Your code as it stands is correct but I am having a hard time figuring out how it could/would be used in a real world scenario. With that said, please be aware of a few caveats when returning pointers from functions:

  • When you create an array with syntax int arr[5];, it's allocated on the stack and is local to the function.
  • C++ allows you to return a pointer to this array, but it is undefined behavior to use the memory pointed to by this pointer outside of its local scope. Read this great answer using a real world analogy to get a much clear understanding than what I could ever explain.
  • You can still use the array outside the scope if you can guarantee that memory of the array has not be purged. In your case this is true when you pass arr to test().
  • If you want to pass around pointers to a dynamically allocated array without worrying about memory leaks, you should do some reading on std::unique_ptr/std::shared_ptr<>.

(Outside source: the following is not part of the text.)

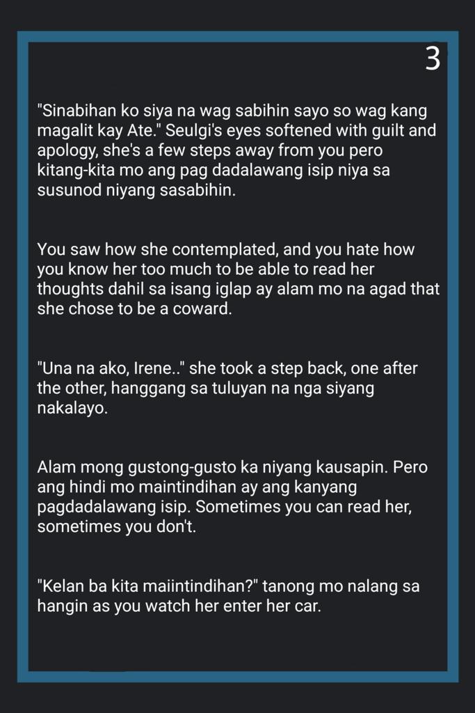 Ang mga kaibigan ay may malakas na impluwensya sa ating pagkilos lalo na sa ating kabataan. Bumuga si Kyungsoo ng hangin gusto na rin niyang makita ang mga kaibigan niya dahil matagal na talaga silang hindi nabubuo. Biruin mo sa dami ng mga kaibigan mo ako pa.

Edit - to answer the use-case of matrix multiplication

You have two options. The naive way is to use std::unique_ptr/std::shared_ptr<>. The Modern C++ way is to have a Matrix class where you overload operator * and you absolutely must use the new rvalue references if you want to avoid copying the result of the multiplication to get it out of the function. In addition to having your copy constructor, operator = and destructor, you also need to have move constructor and move assignment operator. Go through the questions and answers of this search to gain more insight on how to achieve this.

Edit 2 - answer to appended question

int* test (int a[5], int b[5]) {     int *c = new int[5];     for (int i = 0; i < 5; i++) c[i] = a[i]+b[i];     return c; } 

If you are using this as int *res = test(a,b);, then sometime later in your code, you should call delete []res to free the memory allocated in the test() function. You see now the problem is it is extremely hard to manually keep track of when to make the call to delete. Hence the approaches on how to deal with it where outlined in the answer.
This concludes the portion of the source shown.